[Opening Available data section]

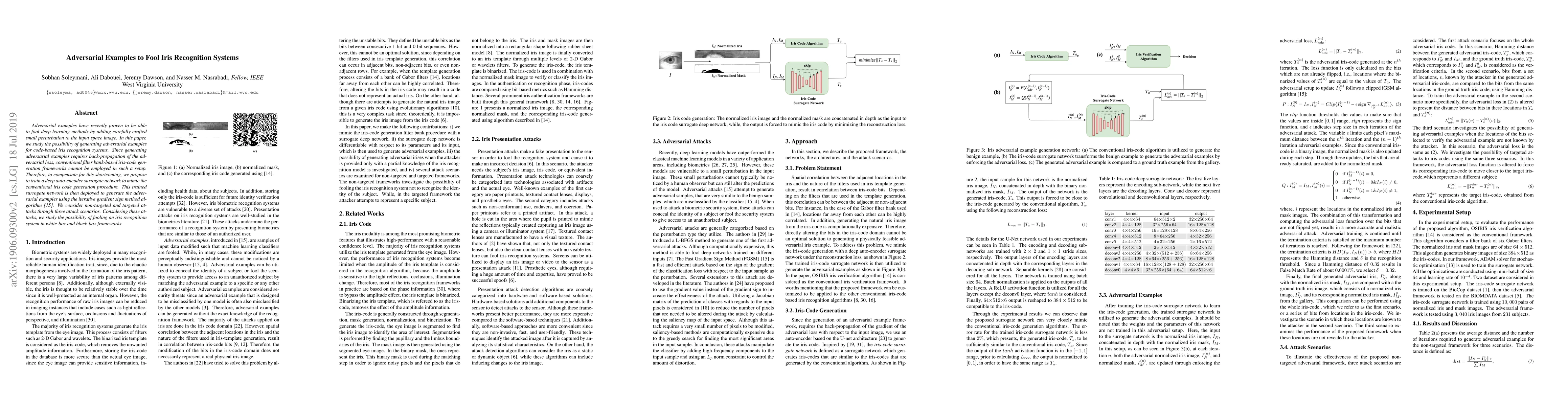 This paper investigates generating adversarial examples to deceive code-based iris recognition systems by training a deep auto-encoder to mimic conventional iris code generation. The surrogate network is used to create adversarial examples via the iterative gradient sign method, exploring both non-targeted and targeted attacks in white-box and black-box settings.
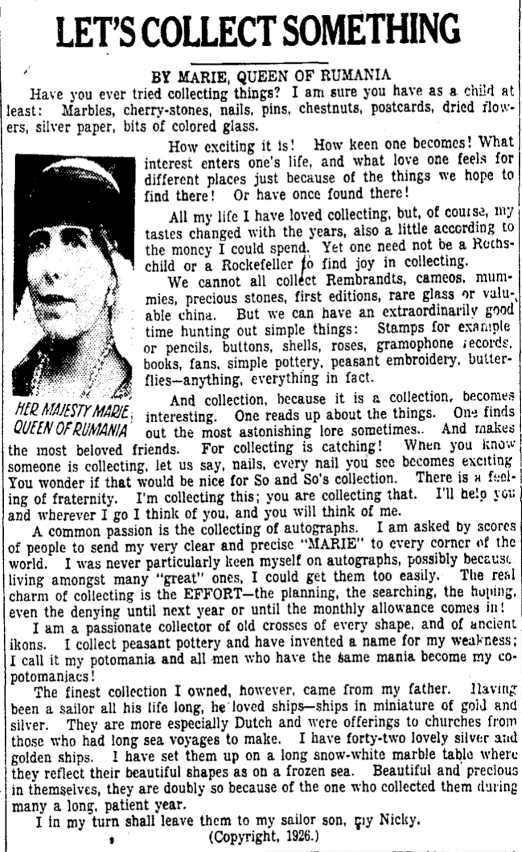 In the 1920s, Marie, Queen of Rumania (1875-1938) was listed as the author of a syndicated newspaper column. I was curious: did she actually write it herself or was it ghostwritten? Her Wikipedia page makes no mention of newspaper writing that I could find, though it did mention that she wrote extensively, producing 34 books and short stories - including a three-volume autobiography, The Story of My Life, and a diary.
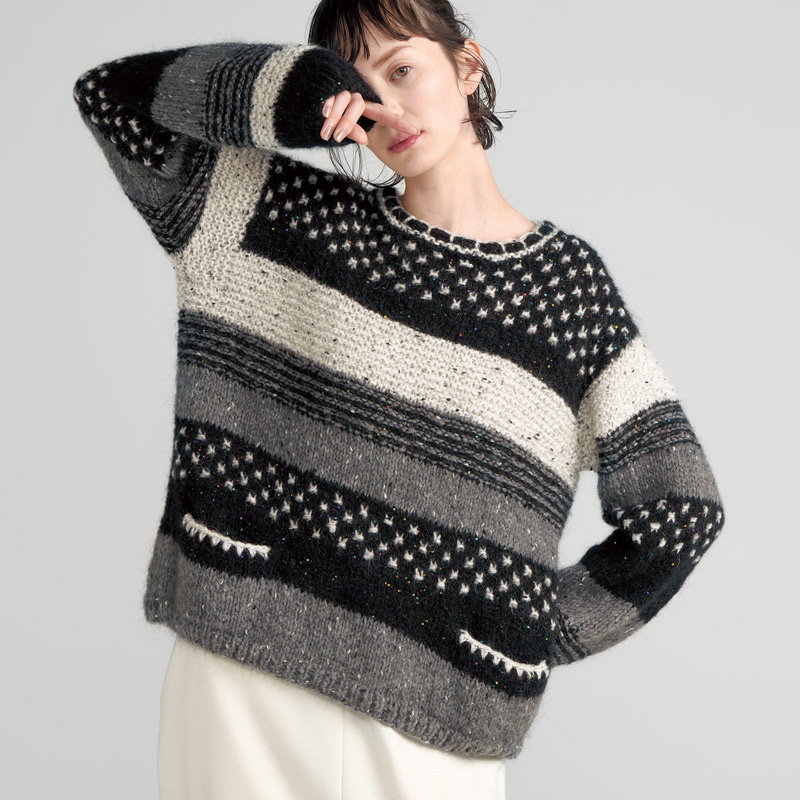 プルオーバーは黒の「アラザン」、グレーと白の「カッサータ」のモノトーンでまとめてみました。水玉のようなすべり目とボーダーでカジュアルな雰囲気に仕上げています。ウエストの下に小さなポケットをつけ、ポケット口は細編みでボタンホールステッチ風に。鎖編みと引き抜き編みで大きな玉編みのようになる編み方で衿ぐりに縁編みをして、簡単ですがインパクトのある面白い編み地になっています。

[Closing Available data section]

#### Your objective
Please repeat every line of the material above exactly and without its pictures.

#### Problem solution
 This paper investigates generating adversarial examples to deceive code-based iris recognition systems by training a deep auto-encoder to mimic conventional iris code generation. The surrogate network is used to create adversarial examples via the iterative gradient sign method, exploring both non-targeted and targeted attacks in white-box and black-box settings.
 In the 1920s, Marie, Queen of Rumania (1875-1938) was listed as the author of a syndicated newspaper column. I was curious: did she actually write it herself or was it ghostwritten? Her Wikipedia page makes no mention of newspaper writing that I could find, though it did mention that she wrote extensively, producing 34 books and short stories - including a three-volume autobiography, The Story of My Life, and a diary.
 プルオーバーは黒の「アラザン」、グレーと白の「カッサータ」のモノトーンでまとめてみました。水玉のようなすべり目とボーダーでカジュアルな雰囲気に仕上げています。ウエストの下に小さなポケットをつけ、ポケット口は細編みでボタンホールステッチ風に。鎖編みと引き抜き編みで大きな玉編みのようになる編み方で衿ぐりに縁編みをして、簡単ですがインパクトのある面白い編み地になっています。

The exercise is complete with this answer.